Orages à l’aube de la vie, Liens précoces, pathologies puerpérales et développement des nourrissons dans les unités parents-bébé, Francois Poinso, Nine Glangeaud-Freudenthal (dir.) Érès, 2009, 245 pages, 23 euros
61Les Unités d’hospitalisation conjointe mère bébé (UMB) sont plus jeunes que les CAMSP et leur nombre en France assurément beaucoup moins important. Pourtant, elles procèdent du même esprit. Elles se réfèrent en effet de la même approche holistique de l’enfant et de sa famille, elles travaillent, dans des conditions bien évidemment différentes, mais sur la même relation parents-bébé, car les UMB n’oublient pas les pères. Comme pour les CAMSP, quelqu’un a pu dire à leur sujet : « Si les UMB n’existaient pas, il faudrait les inventer ». Cette innovation s’est située à l’hôpital Sainte Marguerite de Marseille et date en fait de plus de trente ans (1978), certes un peu moins que les CAMSP, mais dans le mouvement général des idées assez similaire à celui qui a entouré la naissance des CAMSP (1967-1976).

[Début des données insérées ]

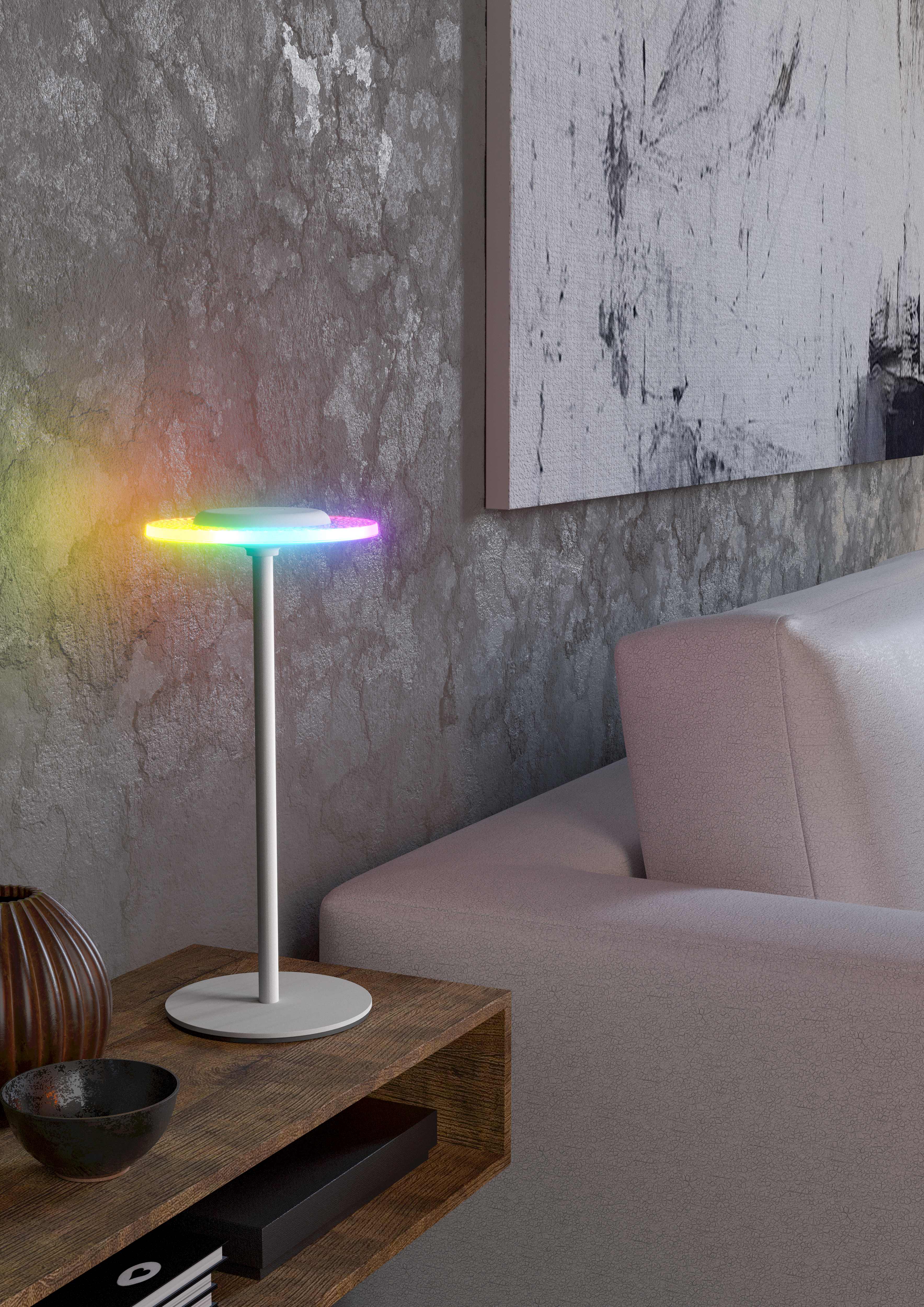 Die „TREPELLA“ ist eine moderne Akkutischleuchte mit RGBW-Funktion, die sich ganz einfach per Touch bedienen lässt. Sie bietet zwei Farbmodi mit sanften Farbübergängen sowie eine 3000K-Einstellung für warmweisses Licht. Dank ihres kabellosen Designs ist sie flexibel einsetzbar und kann bequem über ein USB-C-Kabel wieder aufgeladen werden. Ihr elegantes weisses Gehäuse macht sie zu einem stilvollen Lichtakzent für jede Umgebung.
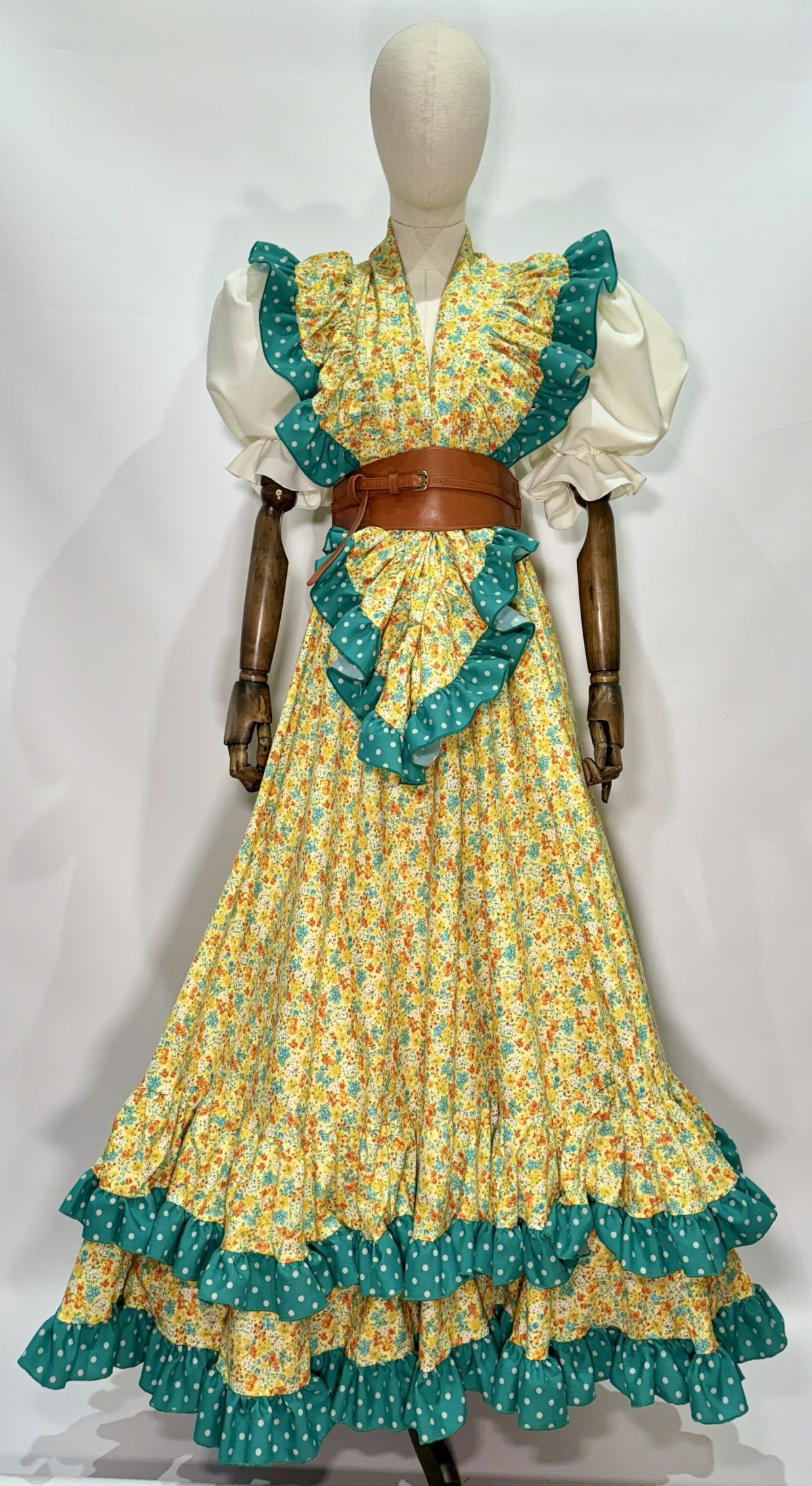 Conjunto de falda y mantoncillo a juego. Falda de capa en estampado de flores con dos volantes y volantitos verdes con lunares blancos en los bajos. Cintura elástica. Mantoncillo a juego con la falda.
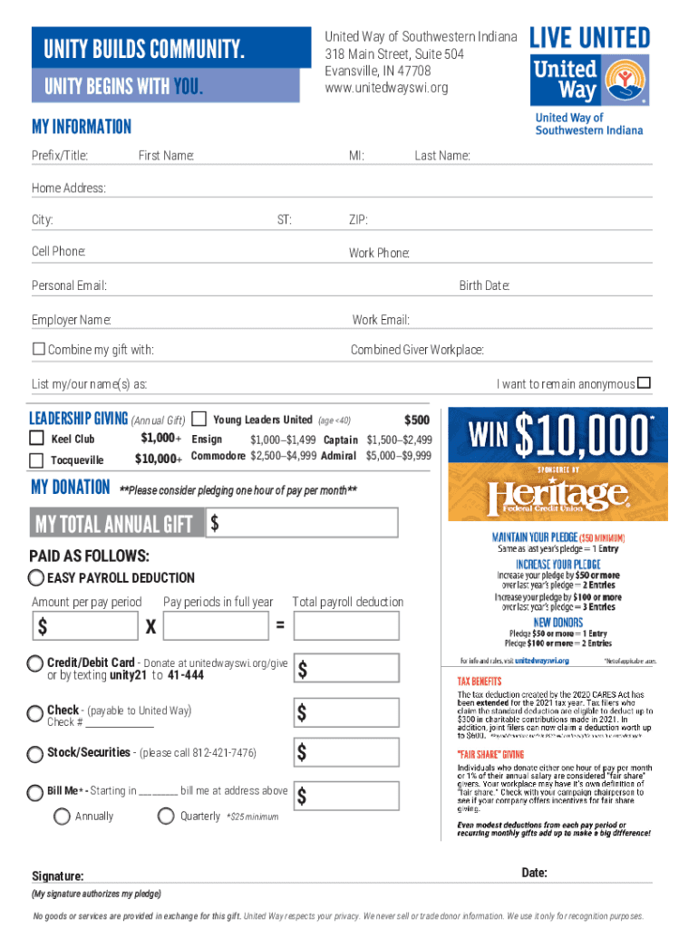 United Way of Southwestern Indiana 318 Main Street, Suite 504 Evansville, IN 47708 www.unitedwayswi.orgUNITY BUILDS COMMUNITY. UNITY BEGINS WITH YOU. MY INFORMATION Prefix×Title:First Name:MI:Last

62Ce livre reflète les débats des journées UMB organisées à Marseille en 2003 par François Poinso et, comme lors des journées ANECAMSP, ont fait émerger les mêmes convergences de vues parmi les divers participants, assistantes sociales, infirmier(e)s, médecins, psychologues, puéricultrices, qui ont pu confronter leurs angoisses ou leurs doutes sur ce qu’il convient de faire, donc les indications, mais aussi leurs savoir-faire et leurs satisfactions.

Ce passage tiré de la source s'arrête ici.